The Rules, 2007

[innerindex]Web 2.0 has matured to the point where even those who endorse the moniker are beginning to cringe at its use. Still, it gave me pause the other day when Cliff (a sysop) began a sentence with “Web 2.0 standards require….”

Web 2.0 is now coherent enough to have standards? We used to joke about rounded corners and gradient blends being the rule, but something more has indeed emerged. O’Reilly defined Web 2.0 by example, Time Magazine echoed Kevin Kelly’s assertion in naming You as person of the year: Web 2.0 is about people. And “the rules” are emerging as a matter of market forces and natural selection.

Open Source

No matter your position on the Free Software Foundation’s philosophy, open source development reduces costs while improving quality and helps projects get to market faster with new ideas.

Flickr is among those that’s been rather public about their use of the LAMP stack, though Google and others have quietly built their business on it too. WordPress, a rare example of a downloadable Web 2.0 application, has enjoyed active development (and even a resurrection) due to its GNU license.

Still other Web 2.0 applications extend the open source model further. Open source content, or the user’s ability to declare a Creative Commons license on their content in these Web 2.0 applications is becoming common (and demanded by some). We may argue about the efficacy of Wikipedia, but the fact is that it’s among the most likely sites to appear for a web search and it’s consistently ranked among the top sites for traffic.

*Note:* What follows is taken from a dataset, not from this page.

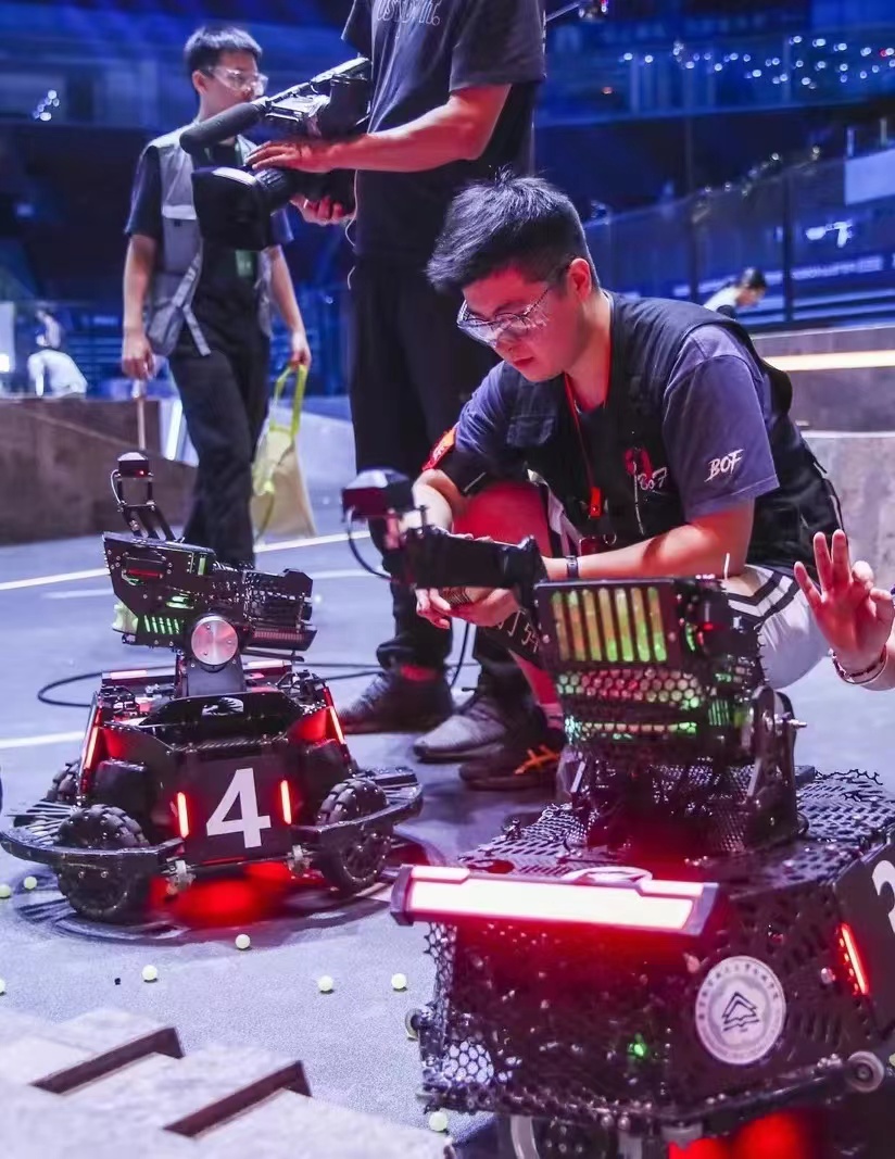 除了老师们给的“演练技巧”和“划重点”,张建兵说:“最重要的是,这些队员4年在BOF机器人创新团队里无数个日夜对机器人科创的实践操作和钻研,每位队员至少参加过6场RoboMaster机甲大师赛高校联盟赛、区域赛和总决赛等赛事的实战洗礼,这些日积月累的经历,成为他们最硬的底气。”

Wikipedia’s early contributors, looking at a young site with an unclear value proposition, could trust that their work would be protected by license (specifically, the GNU Free Documentation License).

Built for Remixing

Amazon reports that almost a third of their sales are attributable to remixers and boasts 180,00 registered developers of their API.

Google Maps didn’t include a public API when first released, but the community responded with enthusiasm and quickly reverse engineered the JavaScript to build new applications. Google responded by releasing a public API, making internet mapping and Google almost synonymous.

Dan Cat mashed up flickr and Google Maps on his own before Yahoo!/flickr snatched him up to build those features into flickr’s own site. But the company still enjoys the efforts of developers building applications to the flickr API, independently developing new features and adding value to the service.

Like open source, remixability and APIs engage a larger pool of talent than is available inside any company and serve two very important audiences: those who want features and those who care about their exit strategy. Neither group is remarkably large, but both are influential, passionate users. (More: Usability, Findability, and Remixability, Especially Remixability.)

Well Behaved and Social

Predictable and reliable URLs are essential to allowing users to bookmark and link to your site; well-formed semantic markup makes it easier for screen readers and search engines to make sense of the content. Semantic markup and microformats aid in remixability, contribute greatly to the Semantic Web, make site redesigns easier, and generally display better in a broader variety of formats and clients (think HTML vs. RSS).

People are anxious to leave comments telling us how right or wrong we are, so a site without comments/trackbacks/pingbacks is turning its back on its users. Good sites recognize the value of their users and cultivate the community. Caterina Fake did a lot of that for flickr (see her comments on my first photos there), while MetaFilter exists entirely as a community.

That doesn’t mean users are itching to build somebody else’s site, the lesson is that personal value precedes network value. Good sites make it easier for people to do what they want to do, not what their boss or the site’s creator wants.

If it isn’t obvious already: empower the user to achieve their own goals and control their experience.